Wednesday, March 5, 2014

Lessons from the UNC athletic scandal

The athletic scandal that enveloped UNC Chapel Hill involving bogus classes, fraud charges and whether some football players could even read above a third-grade level  got the attention of other UNC system schools even if Chapel Hill school officials have been slow to react. In an interview with the Charlotte Observer's editorial board covering a wide range of topics, UNC Charlotte Chancellor Phil Dubois outlined what happened at the Charlotte school. Here's part of what he had to say:

"We made some governance changes to make sure we monitored the situation closely. You'd have to be an idiot not to look at the situation - the national situation, not just Chapel Hill. 
So we restructured our board of trustees to have an athletic committee and that athletic committee has a very defined agenda to not just look at athletic spending but student athlete's performance. Our trustees look at whether they're (the athletes are) concentrated  in particular  majors, concentrated in particular studies...the number of independent studies... all the kind of things that have not bubbled to the top at Chapel Hill..
We already had a structure where academic advisers don't report to athletics. They report to academic affairs. And we changed the reporting line for compliance people so they not only work with athletics - because on a day-to-day basis, they have to - but they also have to report to the general counsel. So if a compliance officer in athletics saw any issue they would know to go to the general counsel if they felt they were not getting a good response from athletics.
Now, in light of the recent issue of reading ability, I took a personal interest in this. (I told the staff) to look at entering SAT scores of our students and see whether or not there's a relationship where we could have predicted a problem and the answer is no.
I don't have a lot of confidence in standardized test scores but they are part of the weighted admission ration we use in making admissions decisions. High school performance counts two-thirds and standardized tests count one-third. Our students basically outperform their standardized test scores...
I don't think we're completely immune from problems... You have to be very vigilant about this matter. You can see what happens (when you're not)."

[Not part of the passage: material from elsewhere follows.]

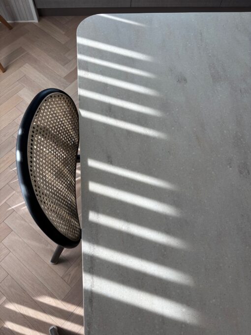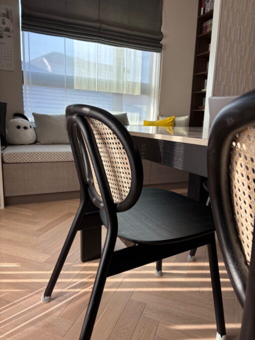 籐の背もたれが和にも洋にも、北欧テイストにも程良い存在感で調和していました。

Vigilance is indeed key. The folks at UNC Chapel Hill are no doubt wishing they had been much more vigilant, as the athletic scandal keeps them in the headlines for the wrong reasons. Felony charges have been filed against a former department head in relation to the bogus classes, and yet another probe is under way to discern what happened and who was involved. 






Read more here: http://www.charlotteobserver.com/2014/03/04/4741412/former-unc-african-studies-manager.html#.UxdQoPldXbw#storylink=cpy

2 comments:

Jason said...

"Academic" scandal. The wrongdoers were academic department heads and administrators.

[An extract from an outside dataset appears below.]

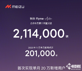 2025年12月11日,魅族对外公布Flyme Auto智能座舱系统的市场表现:截至2025年11月,其合作车型累计销量已突破211.4万辆,生态用户增速位居行业第一。

Please get that through your thick heads.

The only people who see this as an athletic problem are anti-athletic pinheads, State fans, and newspaper hacks who desperately need to sell papers to State fans to stay in business.

Garth Vader said...

Jason is correct. The tutoring system at Chapel Hill was run by the College of Arts & Sciences, NOT by the Athletic Department. The Dean of A&S at the time was Holden Thorp, who was promoted to Chancellor. Thorp did everything to keep his own job, letting the Athletic Department twist in the wind, firing FB coach Butch Davis, instead of manning up from the start and taking responsibility.

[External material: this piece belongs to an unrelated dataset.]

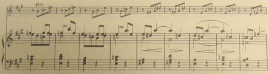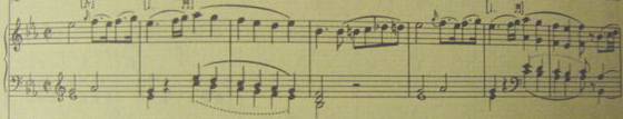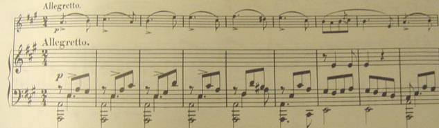另一例是琶音琴奏鳴曲第三樂章之主旋律A是:

Jason, if the Observer and News & Observer "desperately need to sell papers to State fans to stay in business", that could explain why McClatchy stock has lost 90% of its value under the "leadership" of Ann Caulkins, Rick Thames, Taylor Batten and John Drescher: State's incoming athletes score lower than UNC's (by the standards used by Mary Willingham and CNN, NC State's 2010, 2011 and 2012 basketball recruiting classes are "college ineligible)... it's hard to sell papers to the illiterate.